What Are the Most-Wanted Data Science Skills for 2016?
Data science crowdsourcing specialist CrowdFlower Inc. set out to determine exactly what skills are most in demand by employers seeking to hire data scientists.
In today's Big Data-crazy world, data scientists might be the most-coveted workers in the IT industry, pretty much able to write their own ticket and work wherever they want in the midst of an ongoing skills shortage. Nevertheless, certain skills make potential candidates even more desirable to employers willing to shell out big bucks for the best talent.
To find the most-wanted data science skills, CrowdFlower analyzed job postings on the business-oriented social media site, LinkedIn.
"The answer to our question, then, is get your SQL on," said CrowdFlower's Justin Tenuto in a bog post titled "What skills should data scientists have in 2016?" yesterday.
[Note: CrowdFlower has followed up on this information with a complete report on data scientists.]
Yes, despite the strong association with NoSQL databases that marked early Big Data efforts based on Apache Hadoop technology, the industry has seen a steady growth in demand for the mainstay query language for RDBMSes. With a large SQL-skilled labor force already in place, SQL-on-Hadoop initiatives have been increasing rapidly of late. In fact, NoSQL came in far behind SQL, at a surprising No. 8. Perhaps even more surprising, SQL was the only skill found to be listed on more than half of the analyzed job postings.
Not so surprising are the other most in-demand skills, starting with Hadoop itself.
"Hadoop, Python, Java, and R round out our top five in-demand skills," Tenuto said. "It's worth noting that we didn't ask about Excel skills and that's still something you see in myriad job listings. Old habits die hard."
Java, of course, is a de facto standard for working with Hadoop, being used to write Hadoop itself. It was also just named "Programming Language of the Year" for 2015 by TIOBE Software.
The R programming language, with its strength in statistics, has seen a resurgence in use concurrent with the Big Data boom, climbing the ranks in language popularity indices.
Python, meanwhile, "is rapidly gaining mainstream appeal as a hybrid of R's fast, sophisticated data mining capability, and a more practical language to build products," according to an article on Fast Company. "Python is intuitive and easier to learn than R, and its ecosystem has grown dramatically in recent years, making it more capable of the statistical analysis previously reserved for R."
The CrowdFlower report mostly jives with a similar study
The high demand for expertise in these languages and other technologies such as MapReduce, Hive, Pig and so on have made the profession of data scientist "the sexiest job of the 21st century," according to a 2012 article in the Harvard Business Review.
A data scientist, according to HBR, "is a high-ranking professional with the training and curiosity to make discoveries in the world of Big Data. The title has been around for only a few years. (It was coined in 2008 by one of us, D.J. Patil, and Jeff Hammerbacher, then the respective leads of data and analytics efforts at LinkedIn and Facebook.) But thousands of data scientists are already working at both start-ups and well-established companies. Their sudden appearance on the business scene reflects the fact that companies are now wrestling with information that comes in varieties and volumes never encountered before."
CrowdFlower, which farms out different parts of data-related jobs to a network of contributors who work on small parts of an overall project -- such as categorizing raw data points, for example -- came up with its list by examining nearly 3,500 job postings on LinkedIn. "We looked at postings for data scientists and analysts at every level -- from intern to associate to senior to VP -- then asked our contributors to visit each posting and note which common skills were present in each," Tenuto said.
Lukas Biewald, CrowdFlower's CEO, offered the following observations to ADTmag based on the findings:
- It's interesting that familiarity with data storage is at the top of the desired skills -- Hadoop and SQL. This is probably due to the fact that data storage technologies are more consolidated than applications or programming languages.
- Clearly anyone wanting to get into data science needs to learn about databases.

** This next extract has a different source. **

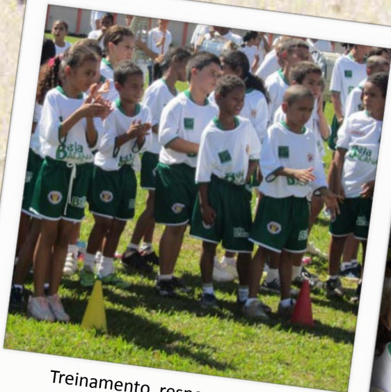
Treinamento, responsabilidade, dedicação, respeito, desenvolvimento, objetivo, amizade, realização...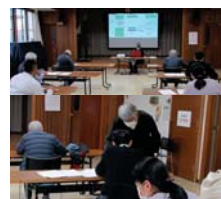
甘日市市阿品合コミュニティ説明会

With all of the hype around machine learning, sometimes we forget that you can't do anything without data.
- Python was the most popular programming language among companies looking for data scientists even though it's not the first tool you think of when it comes to scientific computing. This reflects the fact that data scientists are spending more and more of their time enriching their data rather than analyzing it.
Whatever they're spending their time doing, they're getting well paid for it.
According to a report from the federal Bureau of Labor Statistics, "computer and information research scientists" received a median salary of $108,360 per year in 2014. They also have pretty good job security, with the position forecast to grow at a rate of 11 percent through 2024, significantly higher than the average forecasted growth rate of 7 percent for all occupations.
David Ramel is the editor of Visual Studio Magazine.